To continue the example of cumax.cu, according to the flow of Figure 5, first we compile cumax.cu into cumax.obj with NVCC. Second, C++ programs must call the previously packaged CUDA function g_kel(), then MATLAB can contact g_kel() via this C++ program. The method is through the call header file: extern “C” void g_kel(float* input, float &output, int &ind, int num). The C++ programs cumax.cpp that communicate CUDA with MATLAB are listed below:
cumax.cpp
#include “mex.h”
#include <omp.h>
extern “C” void g_kel(float* input, float &output, int &ind, int num );
 
void FloatToDouble(double *data_D, float *data_F, int size_N) {
  #pragma omp parallel for
    for (int k = 0; k < size_N; k++)
    data_D[k] = (double) data_F[k];
}
	 
void DoubleToFloat(float *data_F, double *data_D, int size_N) {
  #pragma omp parallel for
    for (int k = 0; k < size_N; k++)
    data_F[k] = (float) data_D[k];
}
 
void mexFunction( int nlhs, mxArray *plhs[],
int nrhs, const mxArray *prhs[])
{
  int n1, datasize, index;
  double *mA_D, *mB_D, *mC_D;
  float *mA_F, oub;
	 
  if (nlhs > 2) mexErrMsgTxt(“Only two return values.”);
  if (nrhs != 1) mexErrMsgTxt(“Require 1 input vectors.”);
  if (mxIsComplex(prhs[0])) mexErrMsgTxt(“Not for complex value.”);
  if (mxGetM(prhs[0]) != 1) mexErrMsgTxt(“Only for row vector.”);
 
  n1 = mxGetN(prhs[0]);
  datasize = sizeof(float) * n1;
 
  plhs[0] = mxCreateDoubleMatrix(1, 1, mxREAL);
  plhs[1] = mxCreateDoubleMatrix(1, 1, mxREAL);
 
  mA_D = mxGetPr(prhs[0]);
  mB_D = mxGetPr(plhs[0]);
  mC_D = mxGetPr(plhs[1]);
 
  mA_F = (float *) mxMalloc(datasize);
 
  DoubleToFloat(mA_F, mA_D, n1);
 
  g_kel(mA_F, oub, index, n1);
 
  mB_D[0] = (float)oub;
  mC_D[0] = (int)index + 1;
  mxFree(mA_F);
}
	  
It is noted that even the matrix representation format for MATLAB is column-major and for C++ is row-major, the fuction mxGetPr (*) just produce a 1D array that is linearized according to MATLAB convention (column order), and so the fact that C is row order is irrelevant. Furthermore, mxGetPr (*) does not ‘produce’ anything—it simply returns a pointer to the beginning of the first element of the data array no matter its apparent dimension in MATLAB. Finally, we will use “mux mumax.cpp” instruction in MATLAB to convert mumax.cpp into a MATLAB executable function.

5. Simulation Results

5.1. Consulting Air Combat Simulation of 2 × 2

Figure 6 shows the two vs. two target aircraft air combat simulation, showing the trajectory and attitude changes of the four fighters.

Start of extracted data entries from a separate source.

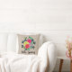 A custom throw pillow that features the text "Hello Spring" along with an image of colourful roses set against a Dhurrie Beige background.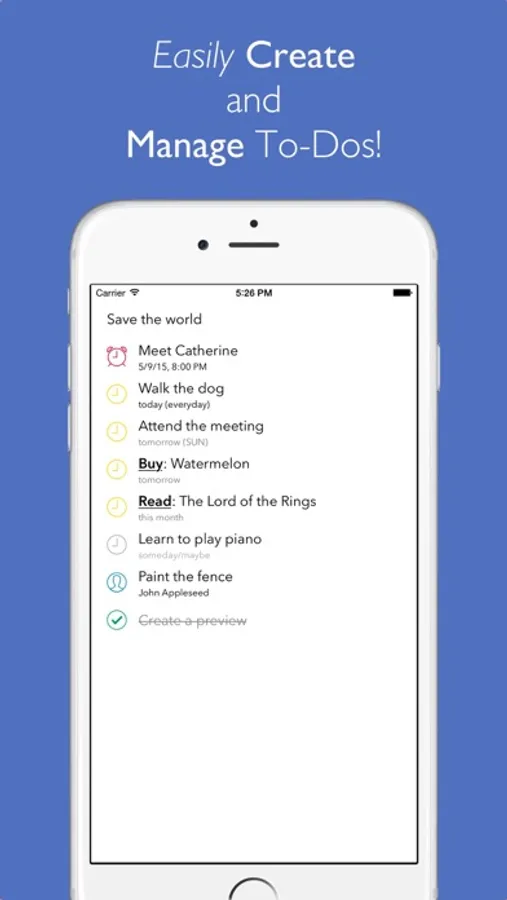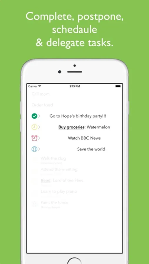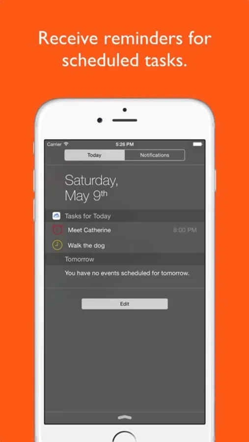 • change order of tasks with the same time, date, or person by touching and holding a task and then moving it to the new place,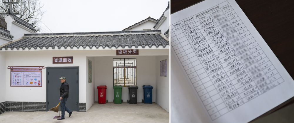2024年12月8日,在丹江口市石鼓鎮(zhèn)柳林村拍攝的垃圾分類處和塑料資源回收點(diǎn)。村民可將新舊塑料制品帶到此處換成環(huán)保生活日用品。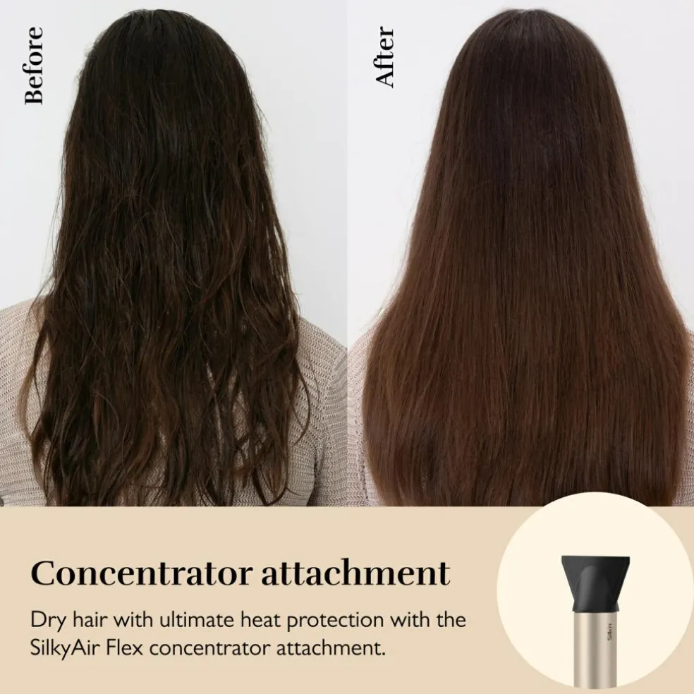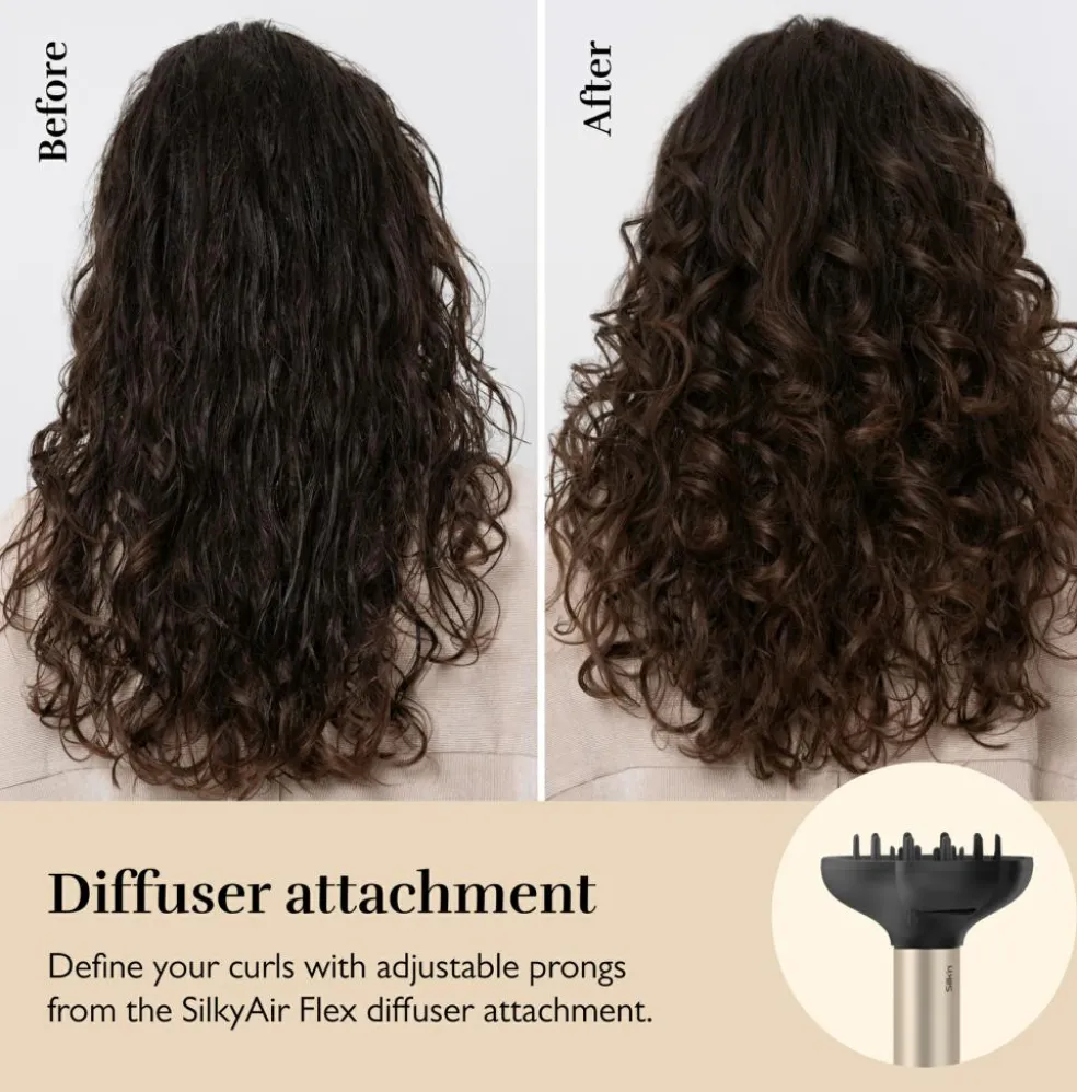 SilkyAir Flex inkluderer 2 vedhæftninger til at skabe krøller til både venstre og højre side.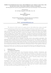 Tujuan dari penelitian ini adalah untuk menganalisis faktor-faktor yang mempengaruhi volume pembiayaan berbasis bagi hasil pada bank syariah di Indonesia selama kurun waktu 2014-2018. Teknik Sampling yang digunakan adalah purposive sampling dengan kriteria bank umum syariah yang memiliki laporan keuangan publikasi triwulan selama periode 2014-2018 dan bank umum syariah yang memiliki data keuangan publikasi triwulan yang lengkap sesuai yang dibutuhkan dalam penelitian. Diperoleh jumlah sampel sebanyak 6 bank umum syariah dari 12 bank umum syariah yang terdaftar di Otoritas Jasa Keuangan Indonesia. Data yang digunakan berjenis sekunder yang dikumpulkan dengan metode dokumentasi. Analisis pengujian data pada penelitian ini menggunakan uji asusmsi klasik. Metode pengujian hipotesis yang digunakan adalah regresi linier berganda yang terdiri dari uji Korelasi untuk menguji koefisien korelasi dan uji parsial untuk menguji regresi parsial.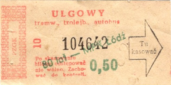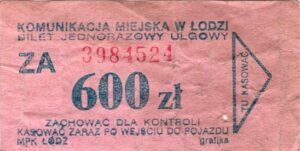 Uwaga: różowe bilety występowały wyłącznie w sprzedaży w ramach Łódzkich Linii Turystycznych na linii autobusowej 100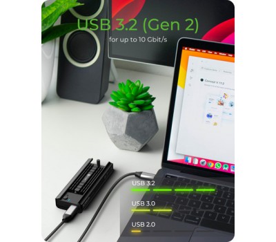 Regardless of whether you want to use an M.2 SSD in NVMe or SATA standard, with the IB-180MC-C31 DockingStation you make the right choice. M.2 storage in sizes of 22x 42, 60 or 80 mm find their place here and you have fast data access thanks to transfer rates of up to 10 Gbit/s.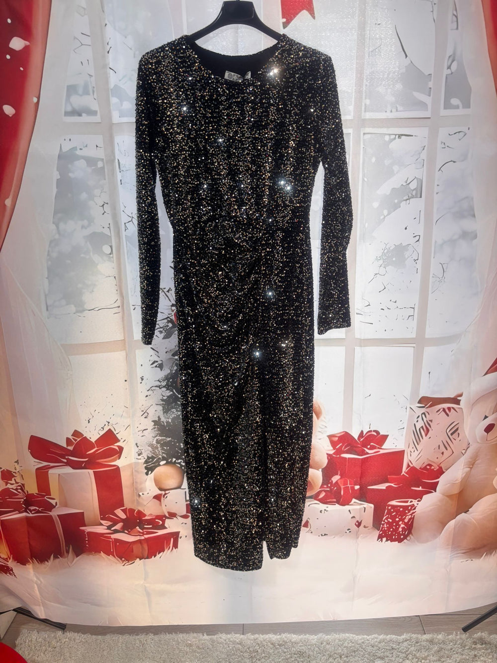 Abito longuette,tutto paiettato sia davanti sia il dietro...manica lunga ,tg unica vestibilità slim veste fino ad tg 38 a una tg 42.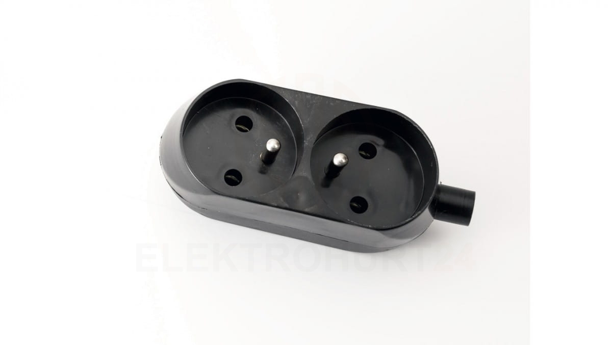Gniazdo przenośne dwukrotne 16A 2P+Z 250V czarne GN-270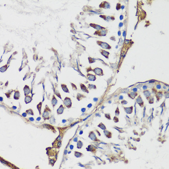 Immunohistochemistry of paraffin-embedded rat testis using Cyclin B1 antibody.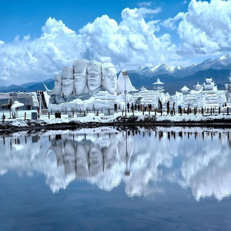 茶卡盐湖不仅是自然奇观,更是露天艺术殿堂。沿途分布着多组大型盐雕作品,既有磅礴气势又不失精雕细琢,展现人与自然共生的智慧。差旅人士可在短暂休憩中感受艺术熏陶,将商务节奏切换至审美模式,实现身心双重充电。
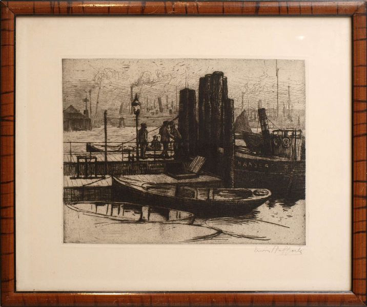 Hafenszene mit Figurenstaffage.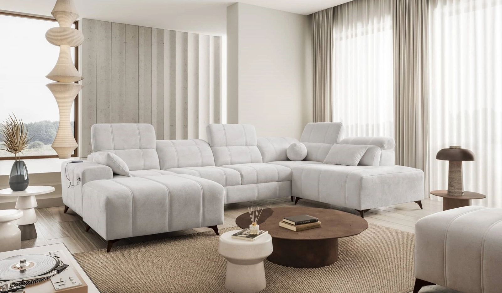 Rohová pohovka Penejos VI v šedém jasanu s nastavitelnými opěrkami hlavy je nádherný kus nábytku se zárukou nejvyššího pohodlí a funkčnosti.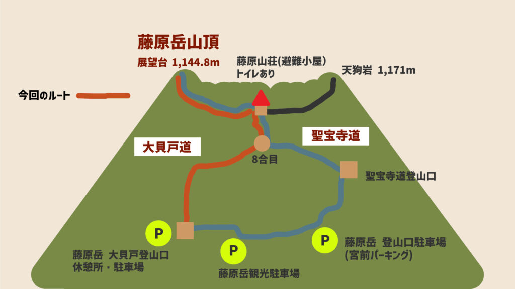 徒歩で移動も可能な距離なので、2つの登山道を周回するのもおすすめです。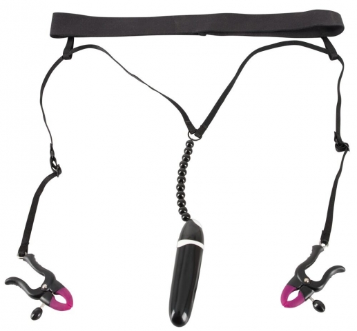 Этот инновационный аксессуар сочетает в себе элементы нижнего белья и интимного стимулятора. Он представляет собой стринги с регулируемыми зажимами, которые аккуратно растягивают половые губы, обнажая клитор для более интенсивной стимуляции. Встроенный вибратор с регулируемой интенсивностью вибрации усиливает ощущения, а ряд стимулирующих бусин дополнительно массирует интимные зоны.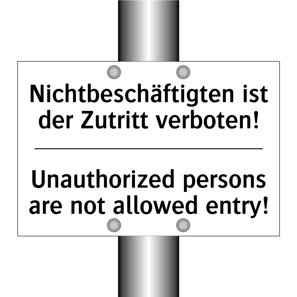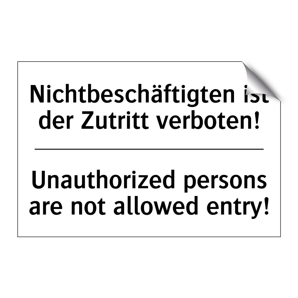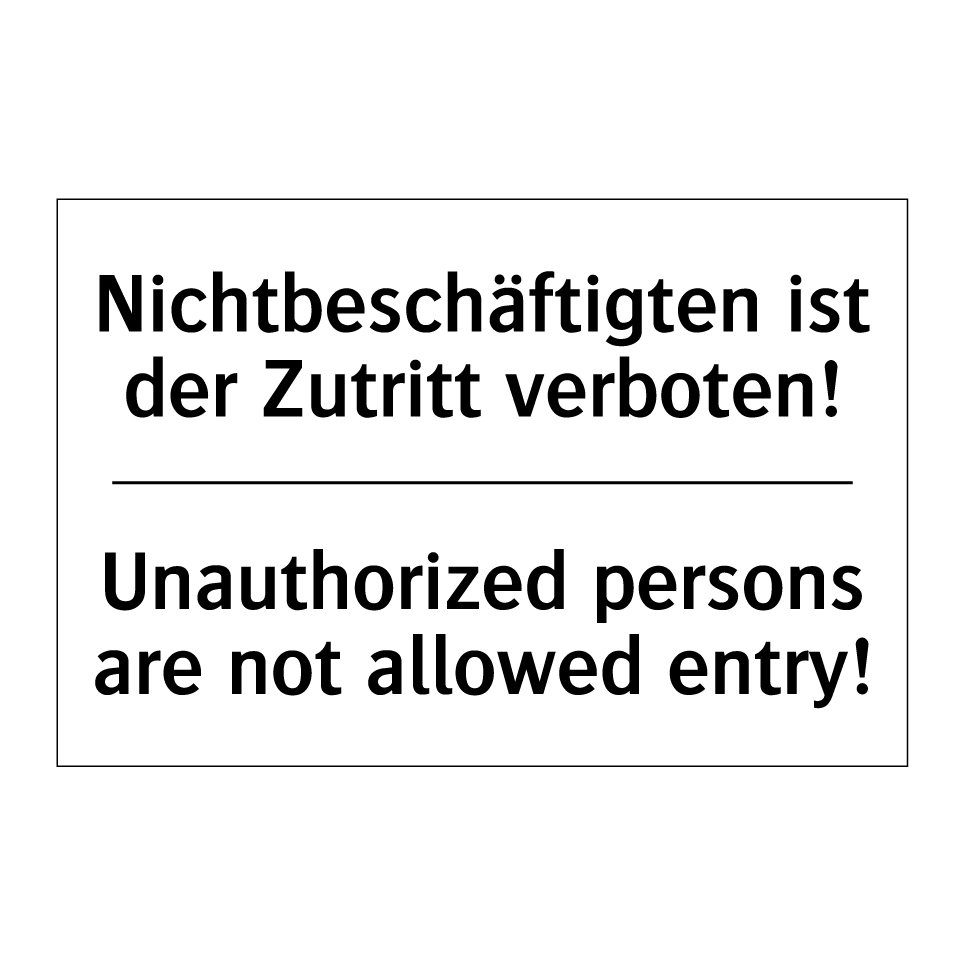 Zweisprachiges Verbotsschild mit deutschem Text Nichtbeschäftigten ist der Zutritt verboten! und englischem Text Unauthorized persons are not allowed entry!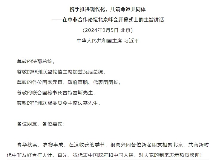 【理论学习】习近平在中非合作论坛北京峰会开幕式上的主旨讲话(全文)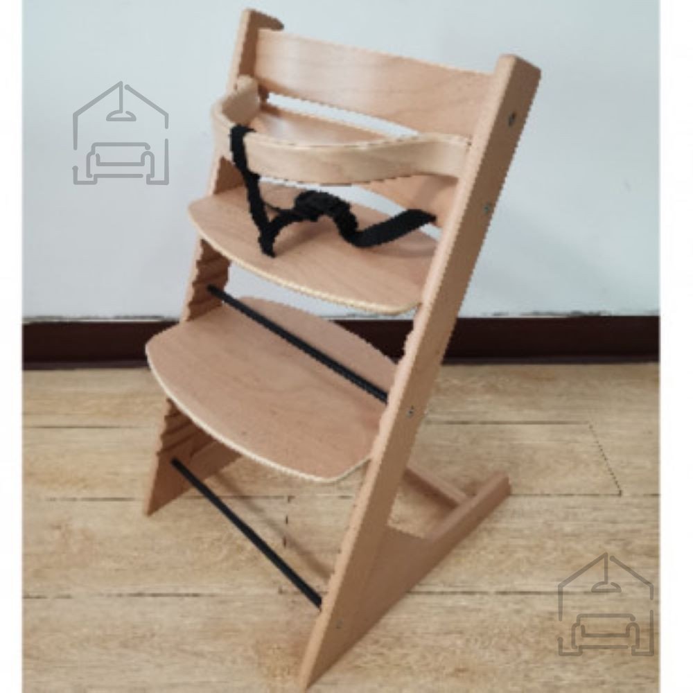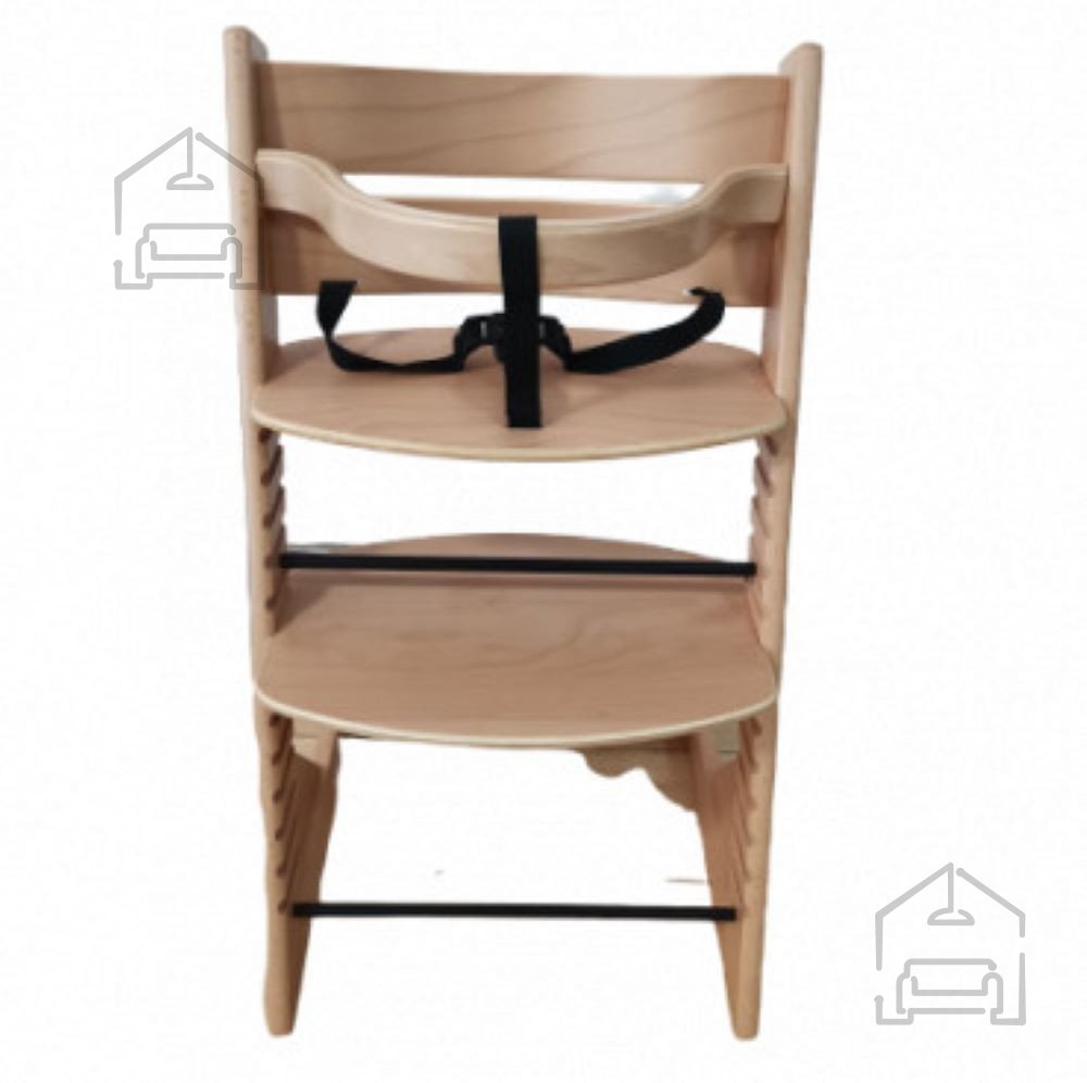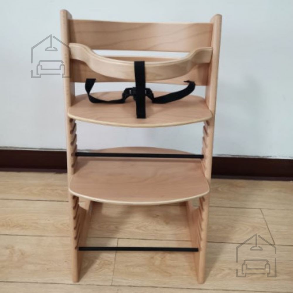 Za dodatno varnost otroka stol vključuje zaščitno leseno letev in pas iz tkanine, ki preprečujeta zdrs ali nenamerno vstajanje med uporabo. Ti elementi so nežni do otrokove kože in obenem dovolj čvrsti, da zagotavljajo stabilnost med hranjenjem ali igro. Kombinacija naravnega lesa in tekstilnega pasu ustvarja prijeten občutek topline in domačnosti, hkrati pa ohranja potrebno varnostno zanesljivost.

The strategies used by R1 (red) and R2 (pink) drones are steady flight and B1 (blue) and B2 (black) use the strategies and command values shown in Table 1. The flight strategy is optimized by (25) and the equations of motion of each fighter are (13) to (18). The performance parameters in (19) to (21) are τ x = τ z = 0.1, ω n = 10 and ξ = 0.7.
From the simulation results in Figure 6, it can be observed that B1 and B2 each chase the closest target. First, B1 shoots down R1 after 23.2 s, and B2 is still chasing R2. After B1 wins, it begins to turn to chase R2 as an assist for B2, showing the negotiation characteristics. B2 finally shot down R2 after 36.8 s.
Figure 7 shows a two vs. two unequal air combat simulation. The strategy used is as shown in Table 1, but the command value n x c o m is set to be 1.5 g and n z c o m is 3 g, which means poor flight performance. The B1 and B2 strategy command values are also as shown in Table 1, but no matter what flight strategy is used, we will fix it to 0.1 g, which means the flight strategy is stupid. It can be observed from the simulation results that because R1 has a higher position, the height is first lowered, and the potential energy is exchanged for kinetic energy to speed up the speed; while B1 and B2 are faster, the strategy adopted is the best for straight-line escape. After R1 lowered the height, it originally chased B2 with its R2 partner, but later changed to R2 to chase B2, and R2 chased B1. B2 has been locked by R1 at 40.8 s and is about to be shot down at 52.8 s, so B2 crashes at 58.8 s without any effort and height is too low. B1 fled the R2 chase by virtue of the speed of the height drop. From this simulation, we can understand that the advantages and disadvantages of the flight strategy can directly affect the air combat result. Even if the performance of the fighter is better, it may be shot down by the fighter with poor performance. B2 crashed but B1 escaped by performance advantage, indicating that performance has a greater impact on long-distance escape and chase, while flight strategy is a decisive factor in melee combat.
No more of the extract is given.